In September 2023, Greenwich Council ordered the demolition of the Comer Group project Mast Quay Phase II in the Woolwich Dockyard area of southeast London, after 26 major deviations from the planning permission granted in 2012 were highlighted.

==Galway United==
Since 2013 the brothers have sponsored Galway United and invested several million in the club. In March 2022 the Galway United Friends Co-operative Society voted to allow a bid by the Comer Group to become the majority owners of the club.

==Horse racing==
Luke Comer, who is resident in Monaco for tax purposes, breeds and trained race horses in Ireland.
In September 2023 his trainer's licence was suspended for three years after twelve of his horses tested positive for anabolic steroids. He was fined €60,000 for the positive tests and an additional €5,000 for having incorrectly told the Irish Horseracing Regulatory Board (IHRB) that he had an unblemished record.

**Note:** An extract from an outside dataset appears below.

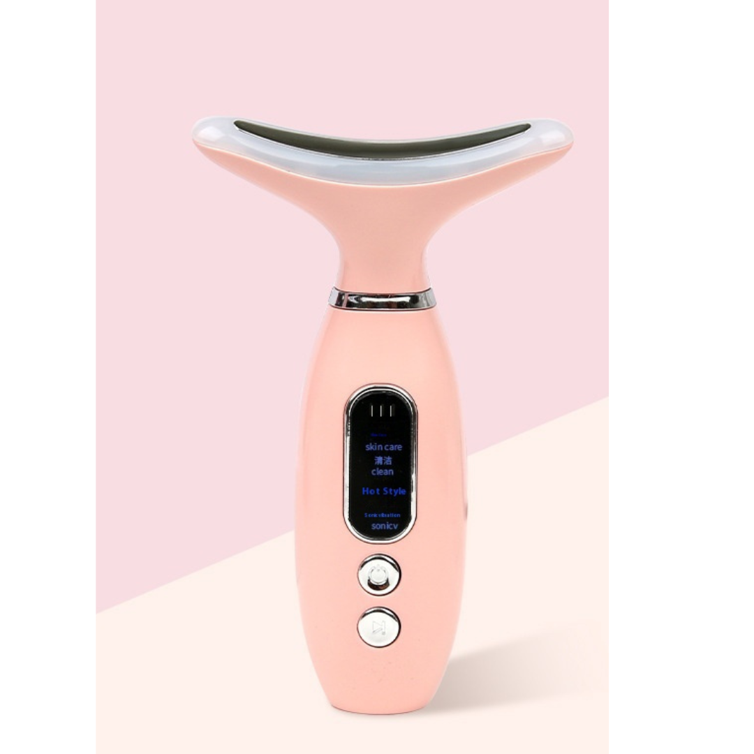Technologie avancée : Lumière rouge LED, chaleur douce et vibration sonique pour stimuler le collagène et lisser la peau.

He was also ordered to pay 80% of the IHRB's legal costs, amounting to a bill of around £644,000. In June 2024, he lost an appeal against the suspension. In August 2024 Luke Comer's son, Luke Comer junior, had his licence suspended by the IHRB and was ordered to pay €20,000 to Treo Eile (an organisation for rehoming and retraining retired racehorses) after horse carcases were found on his land.

In September 2026, Luke Comer senior was disqualified from racing as he had failed to pay the IHRB €1,391,197.80 owed to them. As a disqualified person, he is no longer allowed to train or own any horse entered in a race or to enter a racecourse except as a member of the public.